ただし、「S07A」型はNシリーズの開発時点でS660のようなスポーツモデルへの搭載も考慮して開発がなされていたエンジンであり、開発陣によれば「現在のスペックは潜在的性能の70%程度」であるという。事実、S660の出力カーブを見ると常用域である4000回転後半から7500回転あたりまで最高出力の64馬力を発揮し続けているが、これは強制的に軽自動車のメーカー自主規制上限である64馬力に合わせていることの証であり、伸び代が大きく残されている裏付けでもある。

「安全で楽しい」新しいスポーツカーの課題

エンジンを後輪軸の前に搭載したミッドシップレイアウトを採用

世界の名だたるスポーツカーと同じく、エンジンを後輪軸の前に搭載したミッドシップレイアウトを採用する「S660」。

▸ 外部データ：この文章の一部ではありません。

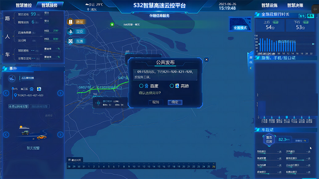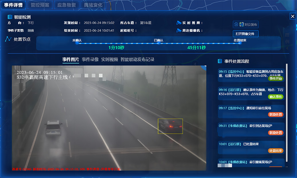 在全要素感知数据的基础上,面对道路拥堵、交通事故、施工作业等全场景和雨雾、积水结冰等全天候环境,S32申嘉湖智慧高速构建了全时空车道级主动交通管控体系,形成了一套高速公路综合监控、集成指挥、高效协同的运营管理系统。基于大数据和在线仿真的实时推演可以预测最优的交通应急管控方案,自动生成最佳管控范围,使得应急指挥全面智慧化、全程数字化,同步共享至各个协同部门,有效提升高速公路面对突发事件时的应急响应效率和协同管控水平,有力保障应急场景下的通行安全。

その走りがいかに刺激的であるかは各方面で絶賛されていることからもおわかりいただけるだろう。

筆者もサーキットでの全開走行を体験しているが、軽やかに鼻先を右に左へと変えながら後輪を軸にしてコーナーをクリアする「S660」の操縦安定性には目を見張るものがある。筆者は大型バイクを移動の足とし、ときにサーキット走行も行うが、コーナリング時における爽快感はバイクのそれに勝るとも劣らない。

ただ、ひとつだけ気になることがある。それは軽自動車初の装備である「アジャイルハンドリングアシスト」の存在だ。詳細な技術解説は省くが、車両挙動安定装置である「VSA」のセンサーを使い、ドライバーが意図したコーナリングラインを保てないとセンサーが判断した場合に、車両の内側にブレーキをかけることで理想的な走行ラインを保とうとする技術だ。つまり、電子制御により、ドライバーの運転を補助する仕組みである。

車両挙動の安定こそクルマを速く走らせる第一歩であることから、装備そのものには賛成だ。ただ、その介入具合が大きく、さらにはその機能を任意でオフにできないことに疑問を感じた。一般的にミッドシップレイアウトは鋭いコーナリングの醍醐味が味わえる反面、限界点を超えるとスピンモードに陥りやすい。

だからこそホンダとしては、それを恐れずに「だれでも手中に収めることのできるスポーツカー」(椋本氏)を成立させるためアジャイルハンドリングアシストを採用したのだ。「安全で楽しい」新しいスポーツカーの誕生であると歓迎したいが、ドライバーとクルマの対話という観点からすると正直、物足りなさを感じてしまう。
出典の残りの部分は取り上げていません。